Sconti RC auto e testimoni per gli incidenti: le nuove norme antifrode

> Diritto e Fisco Pubblicato il 16 dicembre 2013



Sulle tariffe Rc auto sconto minimo del 7% con la “scatola nera”; i testimoni dovranno essere indicati solo nella denuncia di sinistro salvo se si dimostrerà che non li si conosceva prima; chi si rivolgerà a officine convenzionate con le compagnie avrà diritto a risparmiare dal 5 al 10% e il 4% se non cede il credito.

Sono arrivate le nuove norme che rivoluzionano il codice della strada e le RC auto. Il Governo ha appena approvato il Decreto Legge “Destinazione Italia“, contenente – tra l’altro – novità in materia di polizze assicurative, incidenti stradali, scatola nera. Ma vediamo da vicino quali sono le novità appena approvate.

Scatola nera

L’automobilista potrà usufruire di sconti “fissi” sulla polizza Rc auto se accetterà di far montare, a bordo del veicolo, la scatola nera.

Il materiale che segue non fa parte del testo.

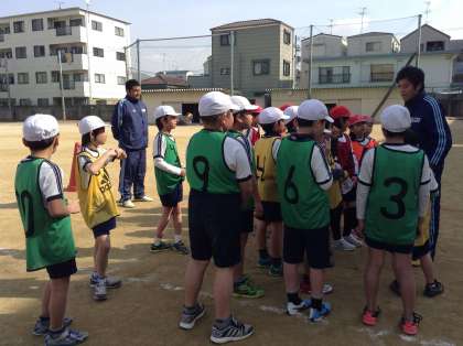 2月5日(金)に大阪府サッカー協会の方に来ていただいて、1〜3年生はサッカーの指導を受けました。ボールのけり方や止め方、パスのまわし方など本格的に教えてもらいました。みんな一生懸命走って、汗だくでした。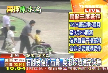 中新網(wǎng)7月16日電 據(jù)臺灣TVBS報道,陳水扁因右腳肌腱炎受傷而打上石膏,吳淑珍16日上午帶著女婿趙建銘,前往臺北看守所探視陳水扁。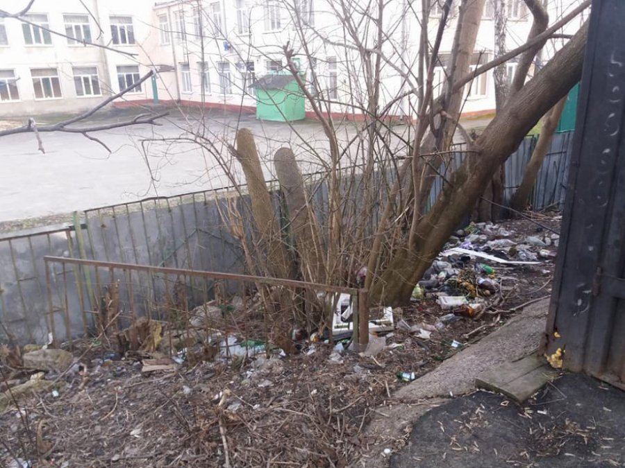 Біля навчального закладу в Луцьку – купи сміття

Viene modificata l’iniziale impostazione della legge [1]: per cui oggi le assicurazioni non sono più obbligate a offrire ai clienti delle polizze che prevedano lo sconto per la scatola nera. Ma se lo disporranno, la riduzione dell’importo del premio dovrà essere minimo del 7%.

È facile intuire la portata tutt’altro che innovativa della disposizione in commento, la cui iniziale rigidità è stata corretta proprio per le proteste delle assicurazioni, spaventate dagli sconti “imposti”. Peraltro le Compagnie hanno già annunciato – qualora il Parlamento non elimini il limite del 7% – un ricorso alla Corte di Giustizia UE, per violazione della libertà d’impresa.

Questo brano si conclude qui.